→ **DATA TO USE**
---

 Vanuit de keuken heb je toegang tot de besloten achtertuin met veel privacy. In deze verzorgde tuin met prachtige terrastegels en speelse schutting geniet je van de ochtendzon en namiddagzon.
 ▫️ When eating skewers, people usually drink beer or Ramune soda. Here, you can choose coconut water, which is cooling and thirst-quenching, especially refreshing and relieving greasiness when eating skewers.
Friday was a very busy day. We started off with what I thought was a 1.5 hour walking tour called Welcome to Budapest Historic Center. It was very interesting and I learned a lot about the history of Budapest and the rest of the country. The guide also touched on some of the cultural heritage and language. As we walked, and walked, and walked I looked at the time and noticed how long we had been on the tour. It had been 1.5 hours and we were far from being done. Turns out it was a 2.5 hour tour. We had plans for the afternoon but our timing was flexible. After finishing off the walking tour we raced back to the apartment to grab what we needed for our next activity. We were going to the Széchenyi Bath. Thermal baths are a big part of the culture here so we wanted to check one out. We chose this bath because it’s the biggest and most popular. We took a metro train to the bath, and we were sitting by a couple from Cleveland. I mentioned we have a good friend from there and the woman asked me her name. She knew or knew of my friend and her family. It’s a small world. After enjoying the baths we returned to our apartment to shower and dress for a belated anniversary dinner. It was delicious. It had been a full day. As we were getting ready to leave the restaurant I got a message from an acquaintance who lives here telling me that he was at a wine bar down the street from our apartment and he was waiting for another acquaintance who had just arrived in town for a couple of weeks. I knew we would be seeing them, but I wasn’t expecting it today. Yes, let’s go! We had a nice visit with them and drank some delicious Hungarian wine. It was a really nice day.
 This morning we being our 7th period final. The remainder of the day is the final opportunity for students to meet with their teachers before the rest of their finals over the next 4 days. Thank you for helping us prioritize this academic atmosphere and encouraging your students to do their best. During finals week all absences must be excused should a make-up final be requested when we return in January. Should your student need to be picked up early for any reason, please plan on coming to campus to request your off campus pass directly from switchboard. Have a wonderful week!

---

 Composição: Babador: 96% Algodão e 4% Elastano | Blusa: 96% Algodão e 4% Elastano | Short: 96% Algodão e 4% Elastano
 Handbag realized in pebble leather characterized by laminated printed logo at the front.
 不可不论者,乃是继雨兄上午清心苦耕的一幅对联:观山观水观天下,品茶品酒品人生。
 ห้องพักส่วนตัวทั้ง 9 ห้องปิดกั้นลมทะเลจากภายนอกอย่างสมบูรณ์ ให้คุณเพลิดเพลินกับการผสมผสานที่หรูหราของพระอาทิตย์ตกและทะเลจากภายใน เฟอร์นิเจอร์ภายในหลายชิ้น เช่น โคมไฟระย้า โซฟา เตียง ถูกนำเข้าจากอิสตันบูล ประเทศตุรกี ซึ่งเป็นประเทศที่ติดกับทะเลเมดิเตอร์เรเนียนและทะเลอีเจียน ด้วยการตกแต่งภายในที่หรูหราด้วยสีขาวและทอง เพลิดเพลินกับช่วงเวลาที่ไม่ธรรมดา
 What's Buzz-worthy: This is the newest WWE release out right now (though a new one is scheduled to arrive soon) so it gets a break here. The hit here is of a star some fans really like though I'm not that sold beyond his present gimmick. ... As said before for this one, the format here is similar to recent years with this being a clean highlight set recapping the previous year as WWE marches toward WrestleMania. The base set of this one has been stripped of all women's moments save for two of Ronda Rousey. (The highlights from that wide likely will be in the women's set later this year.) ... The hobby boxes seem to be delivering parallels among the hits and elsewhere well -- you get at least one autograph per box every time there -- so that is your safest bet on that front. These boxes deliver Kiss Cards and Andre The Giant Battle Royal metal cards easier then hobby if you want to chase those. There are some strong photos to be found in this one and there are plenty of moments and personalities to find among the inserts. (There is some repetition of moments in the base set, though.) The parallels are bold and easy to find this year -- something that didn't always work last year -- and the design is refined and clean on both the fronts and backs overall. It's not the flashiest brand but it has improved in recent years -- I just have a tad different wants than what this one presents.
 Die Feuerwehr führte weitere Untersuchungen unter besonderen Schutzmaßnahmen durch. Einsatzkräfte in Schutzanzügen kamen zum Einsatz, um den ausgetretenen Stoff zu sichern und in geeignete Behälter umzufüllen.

---

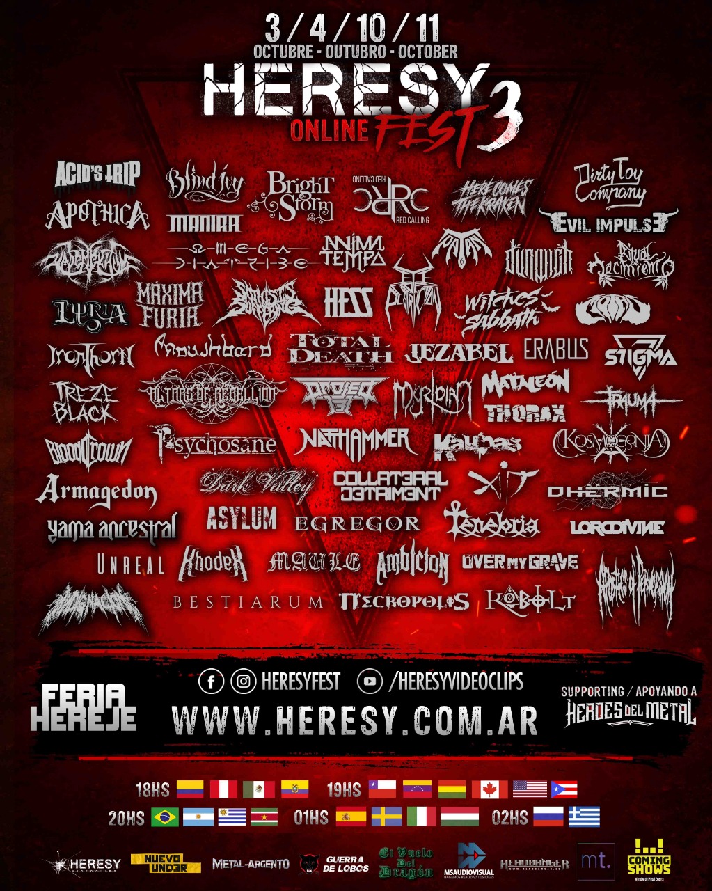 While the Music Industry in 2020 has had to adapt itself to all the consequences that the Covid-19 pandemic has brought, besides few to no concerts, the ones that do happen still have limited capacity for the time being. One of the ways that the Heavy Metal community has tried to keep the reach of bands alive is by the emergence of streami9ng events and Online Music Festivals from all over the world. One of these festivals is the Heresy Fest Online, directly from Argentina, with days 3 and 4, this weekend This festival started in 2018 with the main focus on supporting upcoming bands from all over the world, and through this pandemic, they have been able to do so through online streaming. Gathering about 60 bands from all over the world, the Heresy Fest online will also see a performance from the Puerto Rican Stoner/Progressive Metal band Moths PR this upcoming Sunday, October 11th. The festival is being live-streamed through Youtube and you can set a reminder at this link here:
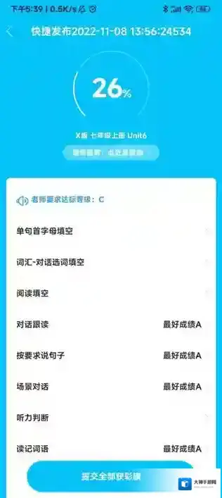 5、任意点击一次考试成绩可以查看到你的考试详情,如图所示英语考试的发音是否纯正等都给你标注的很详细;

---

→ **REQUIRED ACTION**
Search the material above for the string "your". Show every line that holds it.

→ **SOLUTION TO THE PROBLEM**
 This morning we being our 7th period final. The remainder of the day is the final opportunity for students to meet with their teachers before the rest of their finals over the next 4 days. Thank you for helping us prioritize this academic atmosphere and encouraging your students to do their best. During finals week all absences must be excused should a make-up final be requested when we return in January. Should your student need to be picked up early for any reason, please plan on coming to campus to request your off campus pass directly from switchboard. Have a wonderful week!
 What's Buzz-worthy: This is the newest WWE release out right now (though a new one is scheduled to arrive soon) so it gets a break here. The hit here is of a star some fans really like though I'm not that sold beyond his present gimmick. ... As said before for this one, the format here is similar to recent years with this being a clean highlight set recapping the previous year as WWE marches toward WrestleMania. The base set of this one has been stripped of all women's moments save for two of Ronda Rousey. (The highlights from that wide likely will be in the women's set later this year.) ... The hobby boxes seem to be delivering parallels among the hits and elsewhere well -- you get at least one autograph per box every time there -- so that is your safest bet on that front. These boxes deliver Kiss Cards and Andre The Giant Battle Royal metal cards easier then hobby if you want to chase those. There are some strong photos to be found in this one and there are plenty of moments and personalities to find among the inserts. (There is some repetition of moments in the base set, though.) The parallels are bold and easy to find this year -- something that didn't always work last year -- and the design is refined and clean on both the fronts and backs overall. It's not the flashiest brand but it has improved in recent years -- I just have a tad different wants than what this one presents.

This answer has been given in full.